How to Replace Rear Brake Pads on a 2020-2024 Toyota Highlander (EPB)
Step-by-step DIY rear brake pad change with EPB service mode, tools, parts, torque specs, and safety tips
How to Replace Rear Brake Pads on a 2020-2024 Toyota Highlander (EPB)
Step-by-step DIY rear brake pad change with EPB service mode, tools, parts, torque specs, and safety tips for 2020, 2021, 2022, 2023, 2024
🔧 Highlander - Rear Brake Pad Replacement
You’ll be replacing the rear brake pads on your Highlander and resetting the electronic parking brake (EPB) so the new pads fit and work correctly. This job is very doable for a careful beginner if you follow each step slowly and safely.

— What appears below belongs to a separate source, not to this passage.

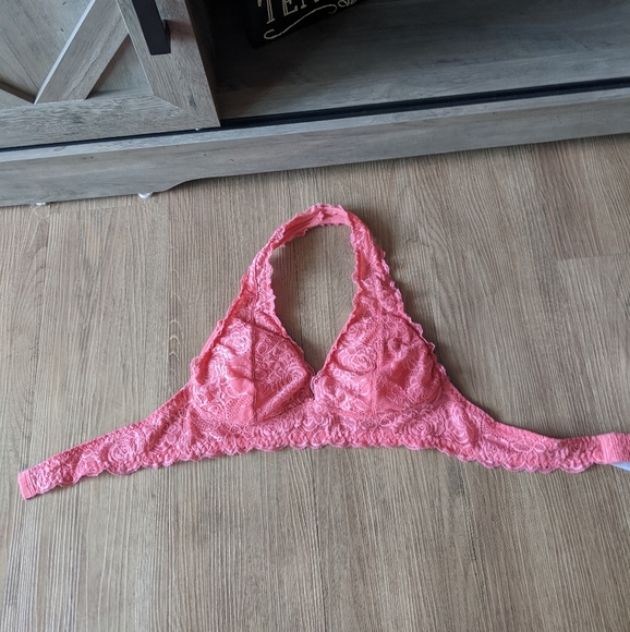 Free Press Coral Pink Halter bralette. Has a floral lace design. It is in fairly good condition, there are a few loose threads on the inside lining of the bralette, but not noticeable when wearing.

Difficulty Level: Intermediate | Estimated Time: 2–3 hours
⚠️ Safety & Precautions
- ⚠️ Always work on level ground, with the transmission in Park and front wheels securely chocked so the vehicle cannot roll.
- ⚠️ This Highlander uses an electronic parking brake (EPB); never remove the caliper or press the brake pedal unless the EPB is in service/maintenance mode, or you can damage the EPB motor.
- ⚠️ Support the vehicle with jack stands under the rear jacking points; never rely on a jack alone.
- ⚠️ Wear safety glasses and mechanic gloves; brake dust is harmful and metal edges are sharp.
- ⚠️ Keep brake fluid off paint and skin; wipe spills immediately and wash with water.
- ⚠️ Do not open the driver’s door, press the brake pedal, or operate the EPB switch while a rear caliper is off the rotor.
- ⚠️ If you are not using a scan tool, be very careful entering and exiting EPB maintenance mode exactly as described on screen.
🔧 Required Tools
You'll need the following tools for this repair:
- 🧰 Floor jack (rated 3-ton minimum)
- 🧰 Jack stands (rated 3-ton minimum, Qty: 2)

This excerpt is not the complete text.